In the example below the users which are assigned to study A in intervals have the correct groups assigned but study B with simultaneous queries has incorrect groups assignment.
const Sequelize = require('sequelize');
const assert = require('assert');
const sequelize = new Sequelize({
database: 'database',
username: 'username',
password: 'password',
dialect: process.env.DB_DIALECT || 'sqlite',
storage: 'db.sqlite',
logging: false
});
const User = sequelize.define('user', {
id: {
type: Sequelize.INTEGER,
autoIncrement: true,
primaryKey: true,
},
group: {
type: Sequelize.INTEGER,
allowNull: true,
defaultValue: null
}
});
// Groups list for studies 'A' and 'B'
const groupLists = {
a: [0, 1, 1, 0],
b: [1, 0, 1, 0]
}
const Study = sequelize.define('study', {
id: {
type: Sequelize.INTEGER,
autoIncrement: true,
primaryKey: true,
},
name: {
type: Sequelize.STRING,
allowNull: false
},
seatsTotal: {
type: Sequelize.INTEGER,
defaultValue: 0
}
});
// n:m relation between users and studies
User.belongsToMany(Study, {through: 'UserStudy'});
Study.belongsToMany(User, {through: 'UserStudy'});
// Overridden 'addUser' method for groups assignment
Study.prototype.addUser = async function(user) {
// Count already occupied seats
const seatsTaken = await User.count({
include: [{
model: Study,
where: {
name: this.name
}
}]
});
// Add the user to study
await Study.associations.users.add(this, user);
// Assign the group of the user based on the seatsTaken
await user.update({ group: groupLists[this.name][seatsTaken] });
}
sequelize.sync({force: true}).then(async () => {
// Studies 'A' and 'B' with 4 seats
await Study.bulkCreate([{name: 'a', seatsTotal: 4}, {name: 'b', seatsTotal: 4}]);
// 8 users
await User.bulkCreate(new Array(8).fill(0).map(() => ({})));
const studies = await Study.findAll();
const users = await User.findAll();
// Assign half of the users to study 'A' in intervals
users.filter((_, idx) => idx % 2 === 0).forEach((user, idx) => {
setTimeout(() => {
studies[0].addUser(user);
}, 100*idx);
});
// Assign the other half to study 'B' at the same time
await Promise.all(users.filter((_, idx) => idx % 2 === 1).map(user => {
return studies[1].addUser(user);
}));
setTimeout(async () => {
// Wait for all queries to finish and assert the results
const userStudies = await User.findAll({
include: [Study]
});
const studyUsersA = userStudies.filter(u => u.studies.some(s => s.name === 'a'));
const studyUsersB = userStudies.filter(u => u.studies.some(s => s.name === 'b'));
try {
console.log('Group list A actual:', studyUsersA.map(u => u.group), 'expected:', groupLists['a']);
assert.deepEqual(studyUsersA.map(u => u.group).sort((a, b) => a-b), groupLists['a'].sort((a, b) => a-b), 'Group list A is not assigned correctly');
console.log('Group list B actual:', studyUsersB.map(u => u.group), 'expected:', groupLists['b']);
assert.deepEqual(studyUsersB.map(u => u.group).sort((a, b) => a-b), groupLists['b'].sort((a, b) => a-b), 'Group list B is not assigned correctly');
console.log(`Passed: Group lists are assigned correctly.`);
} catch (e) {
console.log(`Failed: ${e.message}`);
}
}, 500);
});
Related questions that I could find are either about incrementing one value in one table or they just mention transactions and locks without providing example code:
Avoiding race condition with Nodejs Sequelize
How to lock table in sequelize, wait until another request to be complete
Addition and Subtraction Assignment Operator With Sequelize
Database race conditions
Limitations:
The project stack is nodejs, expressjs and sequelize with
mysql database for production and sqlite for development and
tests.
The solution should work for both sqlite and mysql.
It is preferred that the groups lists are not stored in the database.

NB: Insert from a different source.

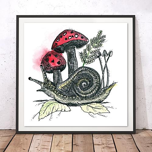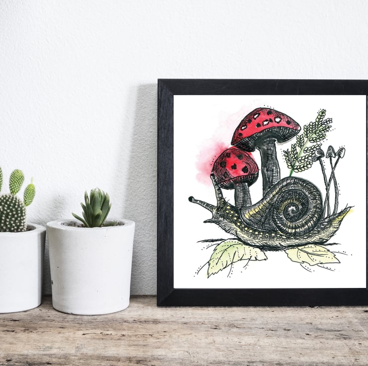 Dilly the snail starts life as a hand drawn illustration, using watercolour and pen.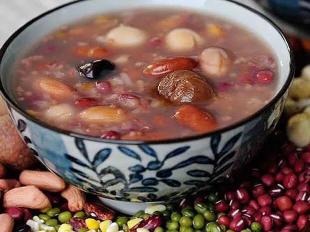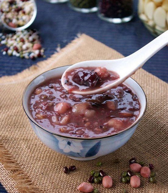 北京的腊八粥,用薏米、白米、小米、栗子、去皮枣泥等和水煮熟,然后用桃仁、杏仁、瓜子、花生、榛子、松子及白糖、红糖、葡萄干来做点染。

The lists are generated by an algorithm and randomization seeds but in the example code they're hardcoded.
The solution should be a sequelize solution and not throttling or queuing user requests in express server.
In the case of simultaneous requests it is not strictly required that the exact order of users signup is preserved since it's not really verifiable which user is added to the study first, but the final result must have the correct number of 0s and 1s which are the assigned groups.
I've tried sequelize transactions but I had lots of issues with sqlite compatibilities and also express requests failing because of database locks but that might have been because of my lack of knowledge on how to do it properly. The limitation here is that requests should not fail because of database locks.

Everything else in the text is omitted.